Inappropriate Uses of Credit #2: Holiday Shopping Sprees
It’s only August, and some of the stores are gearing up for Halloween already. Before we know it, Thanksgiving and then Christmas will be at our doorsteps. Use your credit cards wisely to avoid a holiday hangover!
Many parents want to create memories for their children, so they go overboard when it comes time to shop for the holidays. But remember that your children will remember the time they spent with you more than they will remember the gifts they received. Want proof? Think back to your own childhood. How many gifts do you remember? Probably not many!
The holidays are supposed to make a person feel peaceful. If you use credit to finance gifts, decorations, or wardrobes, you will add stress to your life. Always, always leave the credit cards at home during the holidays.
Inappropriate Uses of Credit #3: Financing Debt
Of all the inappropriate uses of credit, this one takes the cake. Too often, people apply for loans or credit cards because they are deeply in debt. But how will taking out another loan help them dig themselves out of debt?
Unless you have a budget that proves a loan or credit card will help your financial situation, getting a loan to pay debt is the worst use of credit out there. Sure, you would be wise to take out a lower-interest loan to consolidate credit card debt. A business loan that helps you increase cash flow is another appropriate use of credit.
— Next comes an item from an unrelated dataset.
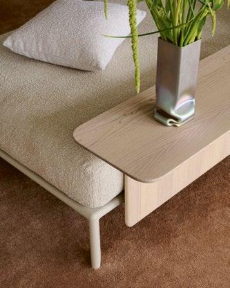 Attach a small table for your laptop today? Remove the panels at the weekend to accommodate overnight guests? And simply extend it with additional elements in two years’ time when you move into a larger flat? The Anagram Sofa is able to respond to life changes both big and small. Thanks to an ingenious click mechanism, the panels and add-on tables can be freely positioned anywhere on the platform while the modular structure allows endless modifications of the entire configuration. Anagram’s softly comfortable and inviting cushions are filled exclusively with recycled PET fibres and the fabric covers are easy to remove for cleaning or replacement.

But you will only complicate matters if you apply for a loan without proof that it helps you relieve your financial burden. Run the numbers. Determine whether the loan or credit card will actually solve the problem. Otherwise, you are simply postponing the inevitable. Remember that your decisions must be based on substance. If you decide that you want to take out a loan, but you have no long-term plan detailing how this loan will provide a permanent solution, why bother? If the loan is a band-aid instead of a true cure, it will eventually fall off.
Instead, find ways to make more money or spend less money. I know this seems like an overly simplified solution to a complicated problem, but the only way to get out of debt is to make more money or spend less money. That’s it. Building more debt to dig yourself out of debt is the biggest inappropriate uses of credit out there.